> _Data records_
◇ ◇ ◇ ◇ ◇ ◇ ◇
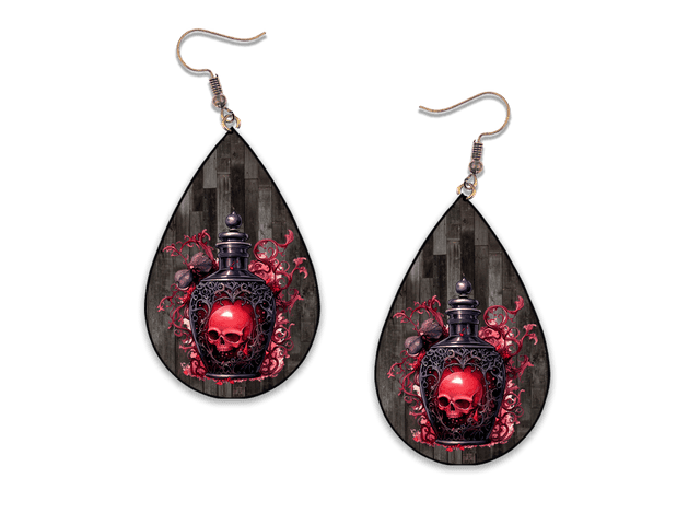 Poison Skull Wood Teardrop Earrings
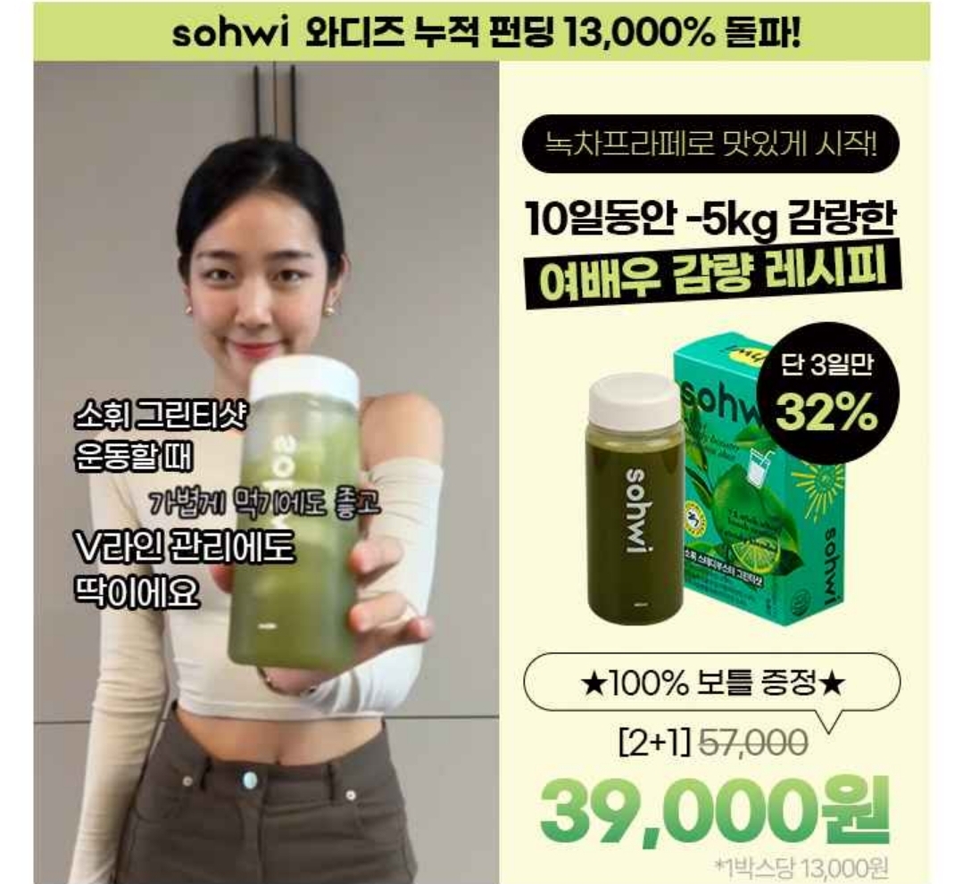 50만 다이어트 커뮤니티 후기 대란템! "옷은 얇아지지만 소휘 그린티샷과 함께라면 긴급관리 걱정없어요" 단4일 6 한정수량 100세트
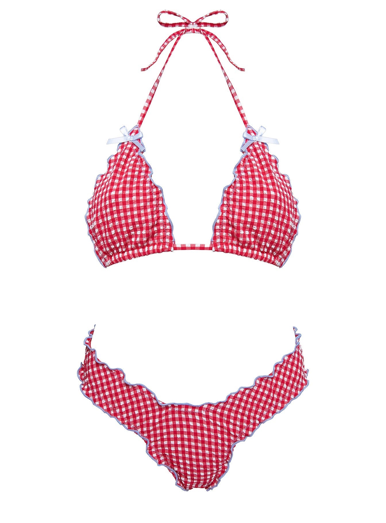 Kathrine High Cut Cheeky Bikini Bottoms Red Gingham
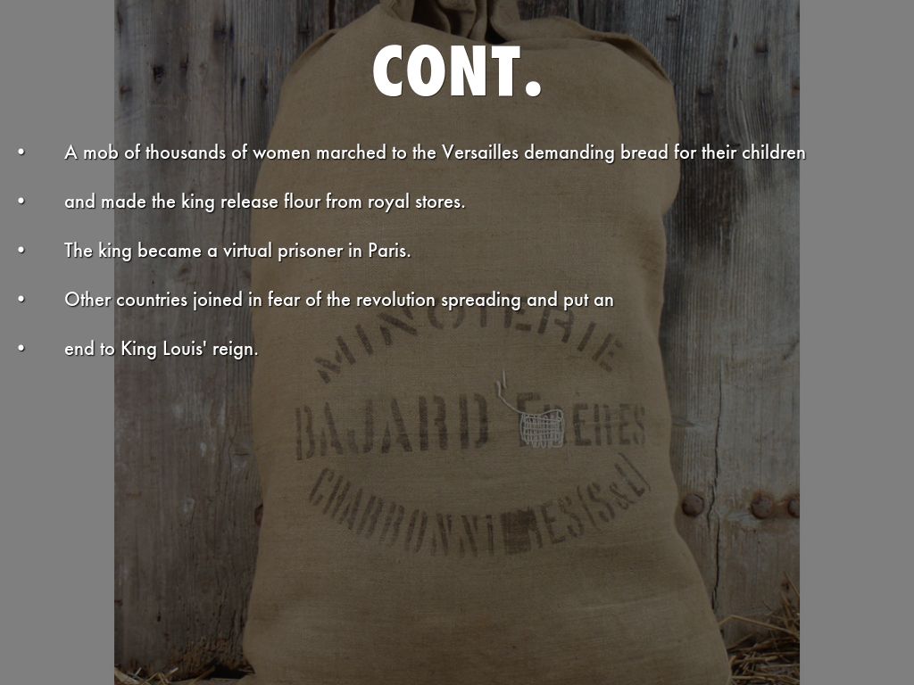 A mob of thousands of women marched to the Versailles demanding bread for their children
◇ ◇ ◇ ◇ ◇ ◇ ◇
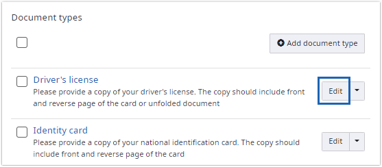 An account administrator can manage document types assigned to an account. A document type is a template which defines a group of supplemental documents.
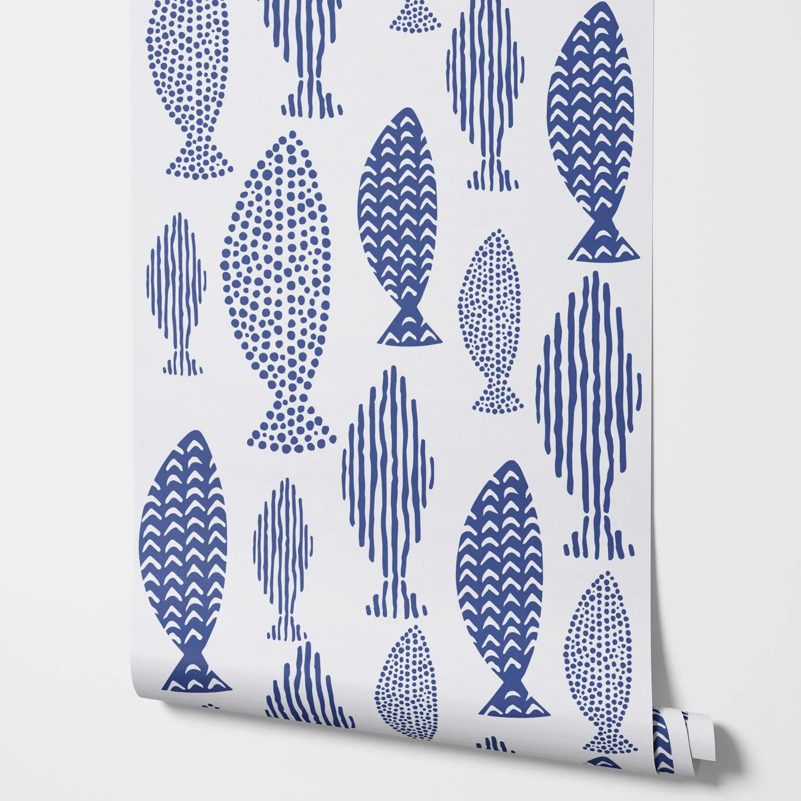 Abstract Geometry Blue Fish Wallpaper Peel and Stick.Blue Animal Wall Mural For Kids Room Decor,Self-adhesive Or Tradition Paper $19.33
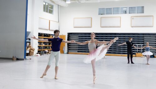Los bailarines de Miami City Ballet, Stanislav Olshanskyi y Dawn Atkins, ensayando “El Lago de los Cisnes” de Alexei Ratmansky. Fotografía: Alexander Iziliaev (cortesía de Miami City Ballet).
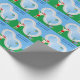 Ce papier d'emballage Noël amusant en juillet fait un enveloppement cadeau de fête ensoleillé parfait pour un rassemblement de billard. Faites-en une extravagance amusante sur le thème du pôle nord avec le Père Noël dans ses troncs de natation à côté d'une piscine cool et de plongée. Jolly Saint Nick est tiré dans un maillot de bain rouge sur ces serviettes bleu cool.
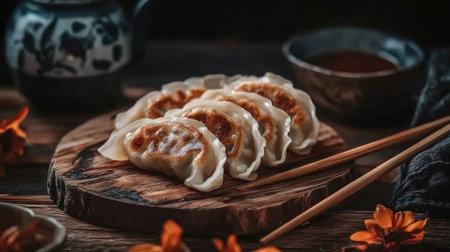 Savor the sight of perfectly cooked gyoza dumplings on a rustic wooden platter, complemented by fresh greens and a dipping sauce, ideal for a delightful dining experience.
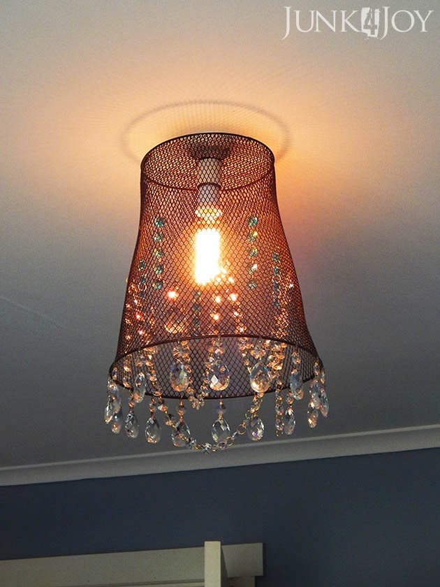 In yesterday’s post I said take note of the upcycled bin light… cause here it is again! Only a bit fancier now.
◇ ◇ ◇ ◇ ◇ ◇ ◇
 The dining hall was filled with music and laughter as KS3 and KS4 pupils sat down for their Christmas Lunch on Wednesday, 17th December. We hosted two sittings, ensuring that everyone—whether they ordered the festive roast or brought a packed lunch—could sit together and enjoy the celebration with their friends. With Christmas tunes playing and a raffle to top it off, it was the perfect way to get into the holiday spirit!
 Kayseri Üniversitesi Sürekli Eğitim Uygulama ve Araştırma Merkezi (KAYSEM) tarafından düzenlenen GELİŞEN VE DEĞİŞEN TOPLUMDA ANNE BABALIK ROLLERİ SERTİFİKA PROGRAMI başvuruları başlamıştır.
◇ ◇ ◇ ◇ ◇ ◇ ◇
> _Exercise_
Output should match, line for line, the stretch of the material above from the line holding "The dining hall" through the line holding "Kayseri Üniversitesi Sürekli".

> _Response for this exercise_
 The dining hall was filled with music and laughter as KS3 and KS4 pupils sat down for their Christmas Lunch on Wednesday, 17th December. We hosted two sittings, ensuring that everyone—whether they ordered the festive roast or brought a packed lunch—could sit together and enjoy the celebration with their friends. With Christmas tunes playing and a raffle to top it off, it was the perfect way to get into the holiday spirit!
 Kayseri Üniversitesi Sürekli Eğitim Uygulama ve Araştırma Merkezi (KAYSEM) tarafından düzenlenen GELİŞEN VE DEĞİŞEN TOPLUMDA ANNE BABALIK ROLLERİ SERTİFİKA PROGRAMI başvuruları başlamıştır.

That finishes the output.